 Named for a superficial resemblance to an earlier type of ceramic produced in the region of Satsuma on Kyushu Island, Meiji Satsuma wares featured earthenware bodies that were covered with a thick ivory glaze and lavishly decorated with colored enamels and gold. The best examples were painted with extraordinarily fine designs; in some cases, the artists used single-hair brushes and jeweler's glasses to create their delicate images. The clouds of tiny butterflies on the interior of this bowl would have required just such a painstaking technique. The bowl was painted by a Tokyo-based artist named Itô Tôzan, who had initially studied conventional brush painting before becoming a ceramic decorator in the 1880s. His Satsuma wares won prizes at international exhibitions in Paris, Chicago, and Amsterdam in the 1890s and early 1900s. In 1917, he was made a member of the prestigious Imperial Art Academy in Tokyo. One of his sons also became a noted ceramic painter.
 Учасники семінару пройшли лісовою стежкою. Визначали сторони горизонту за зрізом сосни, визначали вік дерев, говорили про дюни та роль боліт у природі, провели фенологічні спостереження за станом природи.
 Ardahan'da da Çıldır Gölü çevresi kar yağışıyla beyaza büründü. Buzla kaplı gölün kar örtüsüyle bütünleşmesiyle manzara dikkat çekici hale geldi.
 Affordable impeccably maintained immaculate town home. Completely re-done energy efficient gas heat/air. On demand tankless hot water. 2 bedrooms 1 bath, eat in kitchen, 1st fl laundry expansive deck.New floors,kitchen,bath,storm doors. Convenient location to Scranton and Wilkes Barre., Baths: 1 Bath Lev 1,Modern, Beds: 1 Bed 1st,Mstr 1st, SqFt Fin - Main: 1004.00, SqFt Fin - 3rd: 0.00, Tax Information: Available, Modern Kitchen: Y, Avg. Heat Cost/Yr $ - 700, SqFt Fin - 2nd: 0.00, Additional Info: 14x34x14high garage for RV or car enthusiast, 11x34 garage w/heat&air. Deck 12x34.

- [Instructions to follow]:
The data given above must be transcribed exactly and completely.

- [Result below]:
 Named for a superficial resemblance to an earlier type of ceramic produced in the region of Satsuma on Kyushu Island, Meiji Satsuma wares featured earthenware bodies that were covered with a thick ivory glaze and lavishly decorated with colored enamels and gold. The best examples were painted with extraordinarily fine designs; in some cases, the artists used single-hair brushes and jeweler's glasses to create their delicate images. The clouds of tiny butterflies on the interior of this bowl would have required just such a painstaking technique. The bowl was painted by a Tokyo-based artist named Itô Tôzan, who had initially studied conventional brush painting before becoming a ceramic decorator in the 1880s. His Satsuma wares won prizes at international exhibitions in Paris, Chicago, and Amsterdam in the 1890s and early 1900s. In 1917, he was made a member of the prestigious Imperial Art Academy in Tokyo. One of his sons also became a noted ceramic painter.
 Учасники семінару пройшли лісовою стежкою. Визначали сторони горизонту за зрізом сосни, визначали вік дерев, говорили про дюни та роль боліт у природі, провели фенологічні спостереження за станом природи.
 Ardahan'da da Çıldır Gölü çevresi kar yağışıyla beyaza büründü. Buzla kaplı gölün kar örtüsüyle bütünleşmesiyle manzara dikkat çekici hale geldi.
 Affordable impeccably maintained immaculate town home. Completely re-done energy efficient gas heat/air. On demand tankless hot water. 2 bedrooms 1 bath, eat in kitchen, 1st fl laundry expansive deck.New floors,kitchen,bath,storm doors. Convenient location to Scranton and Wilkes Barre., Baths: 1 Bath Lev 1,Modern, Beds: 1 Bed 1st,Mstr 1st, SqFt Fin - Main: 1004.00, SqFt Fin - 3rd: 0.00, Tax Information: Available, Modern Kitchen: Y, Avg. Heat Cost/Yr $ - 700, SqFt Fin - 2nd: 0.00, Additional Info: 14x34x14high garage for RV or car enthusiast, 11x34 garage w/heat&air. Deck 12x34.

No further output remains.